Outro exemplo que a gente pode dar é a própria publicidade. A publicidade também sofreu mudanças drásticas graças as novas tecnologias. Foi necessário se mudar toda uma forma de pensar e fazer um grande estudo das mídias digitais e como a interação com o público nelas muda completamente. A publicidade que você vê na televisão não é a mesma que você vê no meio digital ou impresso, são mídias diferentes que tem uma diferente interação com o público. Não é raro ver uma peça publicitária no Youtube com mais de 1 minuto e ver essa mesma peça na televisão de uma forma mais rápida e curta. Ou uma publicidade na televisão que te incentiva a compartilhar um vídeo ou uma foto. É a publicidade se adaptando às novas tecnologias e tentando incentivar o consumidor  a procurar por informações em outras mídias.

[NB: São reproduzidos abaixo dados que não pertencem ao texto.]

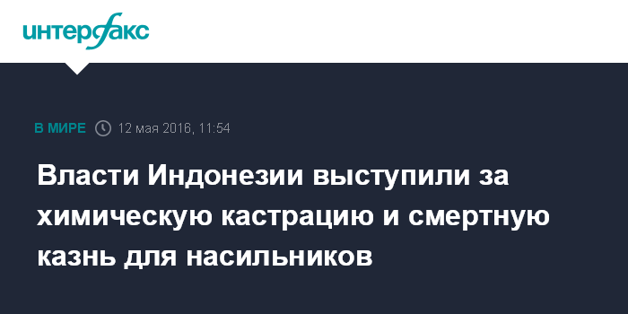 Москва. 12 мая. INTERFAX.RU - Власти Индонезии выступили за химическую кастрацию и смертную казнь в отношении насильников, сообщает ABC News.
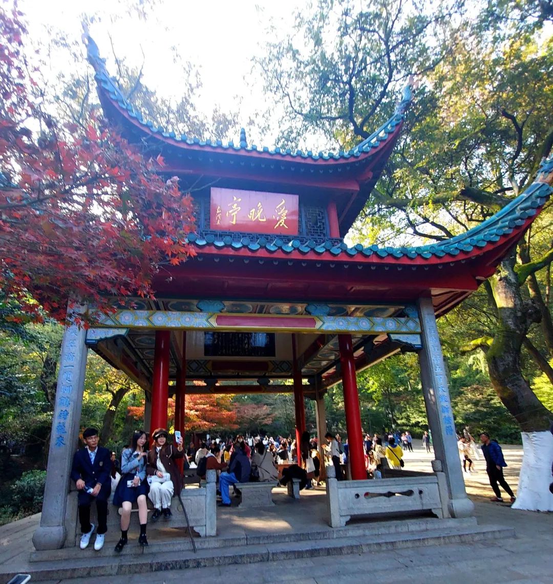走进清风峡中爱晚亭,激情燃烧。唐诗”停车坐爱枫林晚,霜叶红于二月花”,为亭增添了无限诗情画意。
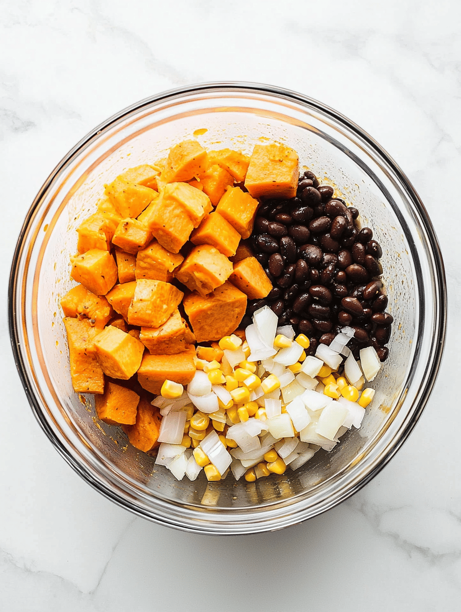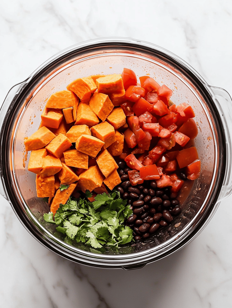In your slow cooker, add the diced sweet potatoes, drained black beans, diced tomatoes with their juice, and vegetable broth.

Além disso, também podemos falar sobre o fenômeno dos Youtubers. Com essa plataforma que nos permite produzir e distribuir conteúdo pudemos acompanhar o “boom!” dos vloggers e youtubers. No Brasil, o fenômeno dos youtubers teve como grande incentivo a distribuição de opiniões em formas de vídeos. Quem, em pleno 2010, nunca tinha visto um vídeo do Felipe Neto? Ele, e muitos outros, resolveram usar essa plataforma para produzir seu próprio conteúdo que diga-se de passagem não era assim tão bom não e ganharam milhões de visualizações tanto de pessoas que concordavam ou discordavam deles.

Além disso, podemos comentar sobre a conexão que as novas tecnologias nos trazem. Por exemplo, eu poderia gravar um vídeo para o YouTube e pessoas de qualquer lugar do mundo poderia assisti-lo. Não basta apenas produzir também é preciso distribuir e isso é feito por meio das redes. Com essa possibilidade de uma maior integração nós nos encontramos assistindo vídeos produzidos do outro lado do mundo qie chegaram até nós através dessa plataforma.

Outra coisa a se ressaltar é como o YouTube também funciona como um arquivo onde você pode encontrar diversos conteúdos de diversas mídias em uma mesmo lugar. Quem nunca viu um filminho básico no YouTube? Ilegal ou não, esse filme está lá é ele provavelmente não foi feito para esse tipo de mídia.

O YouTube hoje é uma plataforma que se adaptou muito bem á convergência.  Você pode acessá-lo de diversos lugares e mídias, como por exemplo do seu celular, ou da sua televisão. Com novas tecnologias como o Chromecast já lhe permitem uma integração ainda maior, nos dando a possibilidade de conectar, por exemplo, um dispositivo móvel á sua televisão.

Enfim, é inegável que a convergência é um fenômeno com o qual convivemos diariamente, mas já se tornou algo tão cotidiano que as vezes nem paramos pra pensar nas diferentes fusões de mídias que vemos é fazemos todos os dias.